A Linux utility to graph resource usage of a process and its subprocesses over time. It uses procfs to record memory, CPU, I/O, thread, and file descriptor metrics for a process tree, outputting timestamped snapshots in JSON Lines format. Recordings can be visualized as terminal line charts or summary tables.

Requirements

  • Linux kernel >= 3.5 (uses /proc/[pid]/task/[tid]/children for subprocess discovery)
  • Go 1.26+

Installation

go install github.com/supakeen/pgr/cmd/pgr@latest

Or build from source:

git clone https://github.com/supakeen/pgr.git
cd pgr
go build ./cmd/pgr

Usage

Recording

Record resource usage of a process and all its descendants:

pgr record --pid <PID>

Options:

Flag Short Default Description
--pid -p Root process ID to monitor (required)
--interval -i 1s Sampling interval (Go duration)
--output -o stdout Output file path
--long-names -l false Use full command name from /proc/[pid]/cmdline instead of the kernel 15-char comm name

Examples:

# Record PID 1234 every second to stdout
pgr record -p 1234

# Record every 500ms to a file
pgr record -p 1234 -i 500ms -o recording.jsonl

# Record with full command names
pgr record -p 1234 -l

# Record every 5 seconds
pgr record -p 1234 -i 5s

Stop recording with Ctrl-C (SIGINT) or SIGTERM. Recording also stops automatically when the root process exits.

Output format

Output is JSON Lines — one JSON object per line, one line per sample.

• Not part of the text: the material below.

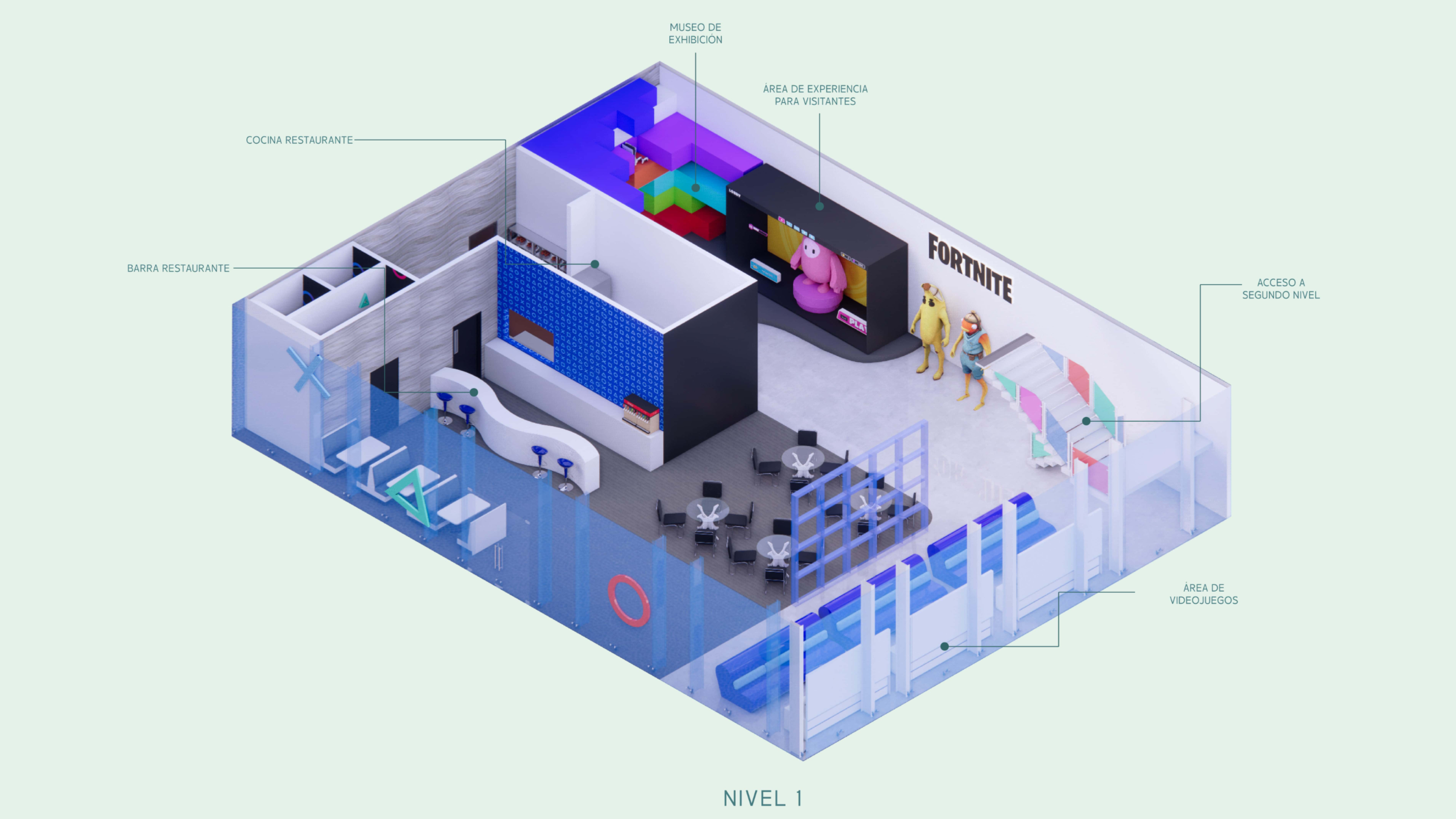 El proyecto tiene como objetivo ofrecer una experiencia inmersiva para los fanáticos de la marca, creando un espacio donde puedan disfrutar de sus juegos favoritos y personalizar sus controles y equipos. Este lugar, diseñado para ser atractivo y moderno, incluye acabados en acrílico y vidrio, así como una iluminación con luces LED que realzará la atmósfera vibrante. Además, se incorporarán elementos y objetos característicos del mundo de los videojuegos, creando un ambiente único en el que los usuarios podrán convivir entre amigos y compartir su pasión por los juegos.

Each sample contains a timestamp and resource stats for every process in the tree at that point in time:

{
  "timestamp": "2026-05-15T10:30:00.123Z",
  "processes": [
    {
      "pid": 1234,
      "ppid": 1233,
      "name": "myapp",
      "vm_size_kb": 67890,
      "vm_rss_kb": 12345,
      "shared_kb": 1000,
      "swap_kb": 0,
      "utime_ticks": 500,
      "stime_ticks": 200,
      "read_bytes": 4096000,
      "write_bytes": 2048000,
      "threads": 4,
      "fd_count": 12
    }
  ]
}
Field Source Description
vm_size_kb /proc/[pid]/status Virtual memory size (kB)
vm_rss_kb /proc/[pid]/status Resident set size — physical memory (kB)
shared_kb /proc/[pid]/status Shared memory / RssShmem (kB)
swap_kb /proc/[pid]/status Swapped memory (kB)
utime_ticks /proc/[pid]/stat CPU time spent in user mode (clock ticks)
stime_ticks /proc/[pid]/stat CPU time spent in kernel mode (clock ticks)
read_bytes /proc/[pid]/io Bytes read from storage
write_bytes /proc/[pid]/io Bytes written to storage
threads /proc/[pid]/status Number of threads
fd_count /proc/[pid]/fd/ Number of open file descriptors

Note: /proc/[pid]/io requires the reader to be the same user as the process (or have CAP_SYS_PTRACE). If unreadable, read_bytes and write_bytes will be 0.

Drawing charts

Render a recording as a terminal line chart:

pgr draw <file>
pgr draw -    # read from stdin (live mode)

Options:

Flag Short Default Description
--metric -m rss Metric to plot (see below)
--no-total false Hide the aggregate total line
--no-per-process false Hide individual process lines
--height -H auto Chart height in terminal rows
--human-readable -r false Show y-axis values in human-readable format
--top -n 0 (all) Show only the top N processes by peak usage
--group -g false Group processes by name (sum values for same-name PIDs)
--timespan -t 0 (all) Only show the last duration of data (e.g. 30s, 5m)

Examples:

# Draw RSS chart from a file
pgr draw recording.jsonl

# Live chart piped from record
pgr record -p 1234 | pgr draw -

# CPU ticks chart with human-readable axis, top 5 processes
pgr draw recording.jsonl -m cpu -r -n 5

# I/O bytes chart, grouped by process name
pgr draw recording.jsonl -m io -r -g

# Thread count over time
pgr draw recording.jsonl -m threads

# Only the last 2 minutes
pgr draw recording.jsonl -t 2m

Tables

Render a summary table of process tree resource usage:

pgr table <file>
pgr table -    # read from stdin (live mode)

Options:

Flag Short Default Description
--metric -m rss Metric to display (see below)
--human-readable -r false Show values in human-readable format
--top -n 0 (all) Show only the top N processes by peak usage
--group -g false Group processes by name (sum values for same-name PIDs)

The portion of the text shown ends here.